Meat thought for one glorious moment she was coming to throw her arms around him. He was just getting his hands out of his jacket pockets so he could participate in the hug when she rushed past him and threw her arms around her father.r />
“Dad! Dad! How did you know I was in trouble? How did you know to come?”
“You can thank your friend for that. Albert called me. Then I got your mom on her cell phone. She’s been worried about you—obviously with good reason. You’re all right?”
“Yes, now that you’re here I’m fine.”
“Let’s go where we can talk.”
“There’s a man on the stairs.” She nodded toward the stairs behind her without leaving the safety of her dad’s arms. “And up in the tower room there’s the real Nurse Wegman. She has a head injury, and ... oh, it was too much for me.” She buried her head in her father’s chest.
“It’s not your problem anymore. I’ll get some officers to see about them. I’ve got half the police force here with me.”
She lifted her head. “And old Mr. Hunt—the man I was reading to upstairs—was unconscious when I left him.”
“Check upstairs, too,” he told an officer.
Herculeah glanced over her shoulder and saw Meat. “And Meat!” she said, acknowledging him at last. “How did you get here?”
“I was waiting out by the gate, and your dad gave me a lift the rest of the way.” He did not mention that the only good way to arrive at Haunt House was in a police car with two policemen in the front seat.
“Meat filled me in on some of what happened, but you’ll have to tell me the rest.”
They walked down the hall, and Herculeah was gracious enough to call over her shoulder, “You come, too, Meat. I need you.”
He came.
29
OH, MOM
“I see now that I absolutely cannot trust you,” Herculeah’s mother said.
Herculeah said, “Oh, Mom.”
“You’re worse than an infant. I ought to have my head examined for asking you to read to Mr. Hunt. I should have known you’d go poking your nose in where it didn’t belong.”
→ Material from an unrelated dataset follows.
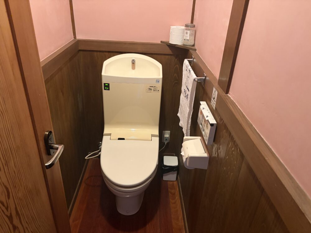 お手洗いも清潔感バツグンで、お部屋に完備。普通、湯治宿だと部屋にはないので、ありがたいかぎり。

Herculeah and her mom were driving home through the black gates of Hunt House. They were in the front seat of the car, talking. Meat sat alone in the backseat, listening.
They had seen the two Nurse Wegmans and Mr. Hunt loaded into ambulances and on their way to the hospital. They had waited for the housekeeper to arrive and look after the sister. “I knew something was wrong about that nurse as soon as she fired me,” the housekeeper had said. Now the three of them were on their way home.